The page 38 of the book Linux 101 Hacks suggests:
cat url-list.txt | xargs wget –c
I usually do:
for i in `cat url-list.txt`
do
wget -c $i
done
Is there some thing, other than length, where the xargs-technique is superior to the old good for-loop-technique in bash?
Added
The C source code seems to have only one fork. In contrast, how many forks have the bash-combo? Please, elaborate on the issue.
xargs
is designed to process multiple inputs for each process it forks. A shell script with a for
loop over its inputs must fork a new process for each input. Avoiding that per-process overhead can give an xargs
solution a significant performance enhancement.

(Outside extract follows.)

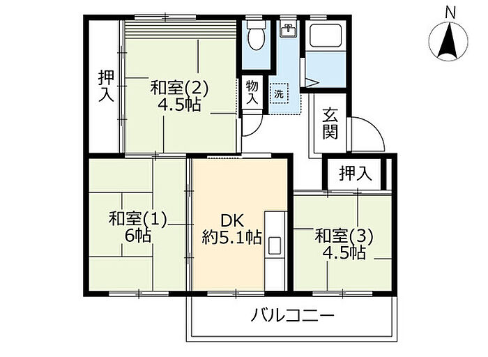 キャンペーン期間中の申込で5年間割引家賃が適用されます(6年目以降は割引前家賃)。詳細はUR窓口へ。面積には、バルコニー面積2分の1を含みます。

From the Rationale section of a UNIX manpage for xargs
. (Interestingly this section doesn't appear in the OS X BSD version of xargs
, nor in the GNU version.)
The classic application of the xargs utility is in conjunction with the find utility to reduce the number of processes launched by a simplistic use of the find -exec combination. The xargs utility is also used to enforce an upper limit on memory required to launch a process. With this basis in mind, this volume of POSIX.1-2008 selected only the minimal features required.
In your follow-up, you ask how many forks the other version will have. Jim already answered this : one per iteration. How many iterations are there? It's impossible to give an exact number, but easy to answer the general question. How many lines are there in your url-list.txt file?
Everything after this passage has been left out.